- [Input data]:
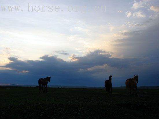 请注意后面那匹马的神态和动作,它的心思和它背上的主人一样,对前面的美女很好奇。
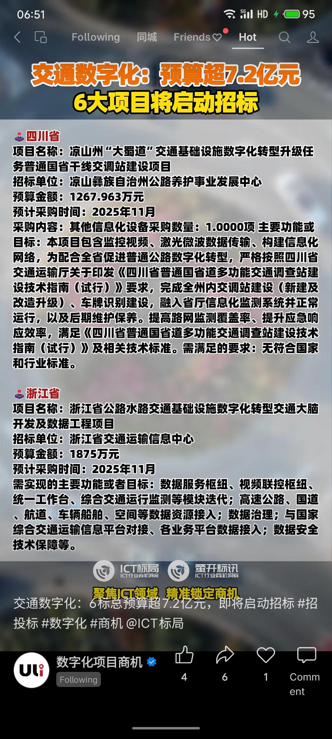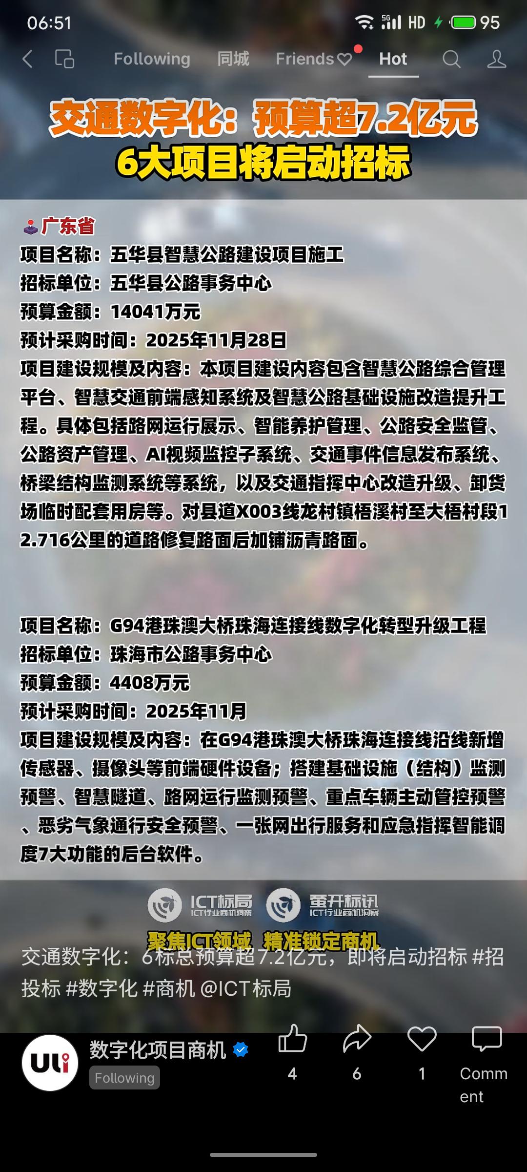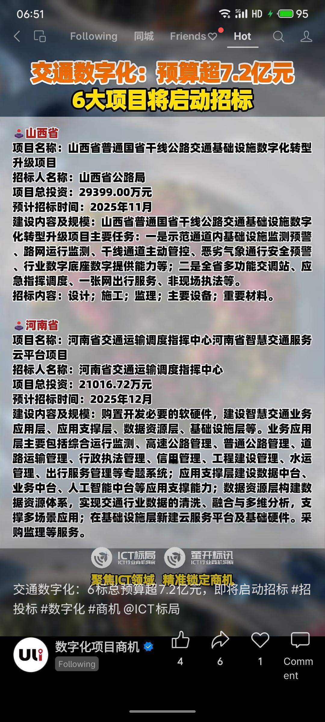近期,全国多地加速推进交通基础设施数字化升级,六个相关项目即将启动招标,总预算超过7.2亿元。这些项目覆盖山西、河南、广东、四川、浙江等多个省份,建设内容涵盖智慧公路、智能航运、车路协同等领域,重点包括路网运行监测、智慧交通云平台、基础设施数字化改造及“交通大脑”开发等。此举标志着我国交通数字化转型正从技术探索迈向规模化落地阶段。
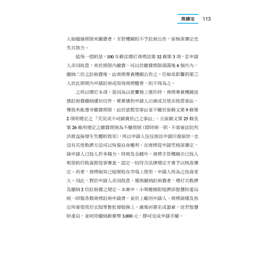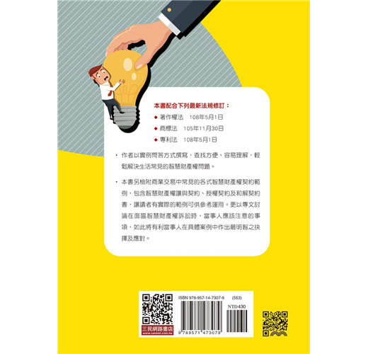 3.本書另檢附商業交易中常見的各式智慧財產權契約範例,包含智慧財產權的讓與契約、授權契約及和解契約書,讓讀者有實際範例可供參考運用。更以專文討論在面臨智慧財產權官司時,原告或被告應注意之事項,如此將有利當事人於具體案例中作出最明智之抉擇。
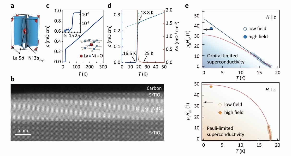 近日,独播库 现代工程与应用科学学院聂越峰教授课题组与独播库 王学锋教授课题组合作,通过制备高质量的镍基超导薄膜(La0.8Sr0.2NiO2)及系统的磁输运性质研究,揭示了该体系中存在与铜基超导类似的上临界场各向异性,为理解镍基超导机制提供了新的实验结果。 自1986年铜氧化物高温超导体被发现以来,非常规高温超导机理一直处于凝聚态物理的研究前沿。无限层镍氧化物作为一类新型的非常规高温超导体系,具有与铜基超导体类似的准二维层状晶体结构以及3d9最外层电子构型,为高温超导机理的研究提供了一个崭新的平台。理论与实验研究表明这两类超导体系也存在明显的区别,比如镍基超导体的费米面存在明显的多带特征,这与铜氧化物中被广泛接受的单带物理图像不一致,研究它们之间的联系与区别对揭示非常规高温超导的机制尤为重要。对于超导体而言,上临界场(Hc2)可以给出关于超导维度以及库珀对(Cooper pairs)拆对机制等重要信息,为理解超导机理提供重要帮助。前期研究发现,Nd1-xSrxNiO2体系的上临界场呈现出泡利顺磁极限所导致的各向同性特征,这一结果与铜基超导体中单带物理所主导的各向异性的输运性质有着显著的不同,为理解非常规高温超导机制带来了新的挑战。

- [Required work]:
Restate verbatim the lines that begin at the one holding "3.本書另檢附商業交易中常見" and end at the last line of the material. Exclude pictures.

- [Response box]:
 3.本書另檢附商業交易中常見的各式智慧財產權契約範例,包含智慧財產權的讓與契約、授權契約及和解契約書,讓讀者有實際範例可供參考運用。更以專文討論在面臨智慧財產權官司時,原告或被告應注意之事項,如此將有利當事人於具體案例中作出最明智之抉擇。
 近日,独播库 现代工程与应用科学学院聂越峰教授课题组与独播库 王学锋教授课题组合作,通过制备高质量的镍基超导薄膜(La0.8Sr0.2NiO2)及系统的磁输运性质研究,揭示了该体系中存在与铜基超导类似的上临界场各向异性,为理解镍基超导机制提供了新的实验结果。 自1986年铜氧化物高温超导体被发现以来,非常规高温超导机理一直处于凝聚态物理的研究前沿。无限层镍氧化物作为一类新型的非常规高温超导体系,具有与铜基超导体类似的准二维层状晶体结构以及3d9最外层电子构型,为高温超导机理的研究提供了一个崭新的平台。理论与实验研究表明这两类超导体系也存在明显的区别,比如镍基超导体的费米面存在明显的多带特征,这与铜氧化物中被广泛接受的单带物理图像不一致,研究它们之间的联系与区别对揭示非常规高温超导的机制尤为重要。对于超导体而言,上临界场(Hc2)可以给出关于超导维度以及库珀对(Cooper pairs)拆对机制等重要信息,为理解超导机理提供重要帮助。前期研究发现,Nd1-xSrxNiO2体系的上临界场呈现出泡利顺磁极限所导致的各向同性特征,这一结果与铜基超导体中单带物理所主导的各向异性的输运性质有着显著的不同,为理解非常规高温超导机制带来了新的挑战。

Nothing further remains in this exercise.